Figure 10 and Figure 11 compare the experimental and numerical values of the instantaneous pressure in the runner at the runaway operating condition (α = 9.9°) at the blade pressure side (P42) and the trailing edge (P71), respectively. The instantaneous pressure fluctuations at the runner corresponded to the guide vanes’ passing frequency (f_gv = 244.7 Hz). The maximum amplitude was observed at this frequency at both locations. The instantaneous amplitude of the experimental pressure fluctuations varied primarily with the angular movement of the runner, whereas the amplitude of the numerical pressure fluctuations was almost uniform over a complete angular rotation. The numerical model could not account for the influence of the service pumps, travelling/gravity waves from the upstream pressure tanks and other related effects that were generally observed experimentally. The maximum dimensionless amplitudes of the experimental and numerical pressure values at P42 were 0.06 and 0.05, respectively.
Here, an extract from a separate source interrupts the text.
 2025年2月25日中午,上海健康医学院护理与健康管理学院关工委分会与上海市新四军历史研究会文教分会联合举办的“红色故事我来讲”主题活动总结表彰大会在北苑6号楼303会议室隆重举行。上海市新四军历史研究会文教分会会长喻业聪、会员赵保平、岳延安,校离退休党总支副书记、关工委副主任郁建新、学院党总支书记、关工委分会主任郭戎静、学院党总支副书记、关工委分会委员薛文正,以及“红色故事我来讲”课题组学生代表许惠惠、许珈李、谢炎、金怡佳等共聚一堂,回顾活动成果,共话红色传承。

A similar variation was observed at the blade trailing edge at P71, where the maximum amplitudes for the experimental and numerical pressures were 0.02 and 0.01, respectively. The amplitudes were approximately 2.5-times those observed at the BEP [4].
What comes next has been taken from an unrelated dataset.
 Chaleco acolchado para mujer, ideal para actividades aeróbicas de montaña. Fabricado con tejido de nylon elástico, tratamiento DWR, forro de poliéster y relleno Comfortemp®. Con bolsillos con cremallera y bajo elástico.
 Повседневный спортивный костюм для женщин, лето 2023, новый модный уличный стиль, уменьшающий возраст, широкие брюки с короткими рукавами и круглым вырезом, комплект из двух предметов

Figure 12 shows the instantaneous pressure fluctuations in the draft tube cone (DT21) over a complete rotation of the runner for the runaway operating point α = 9.9°. In the draft tube at DT21, the numerical pressure fluctuations were up to 13% lower than the experimental values. The computed fluctuations corresponded to a blade passing frequency of 262.2 Hz in the draft tube. The amplitude of the blade passing frequency was nine-times lower than that observed at VL01. The low value of the pressure fluctuations ($p_E^{*}$ < 0.01) in the draft tube was attributed to the low operating pressure (≅103 kPa) and the high reference pressure (ρE = 116.84 kPa) that were used to normalize the pressure-time signal (see Equation (8)). The maximum instantaneous difference between the experimental and numerical pressure fluctuations occurred in the draft tube.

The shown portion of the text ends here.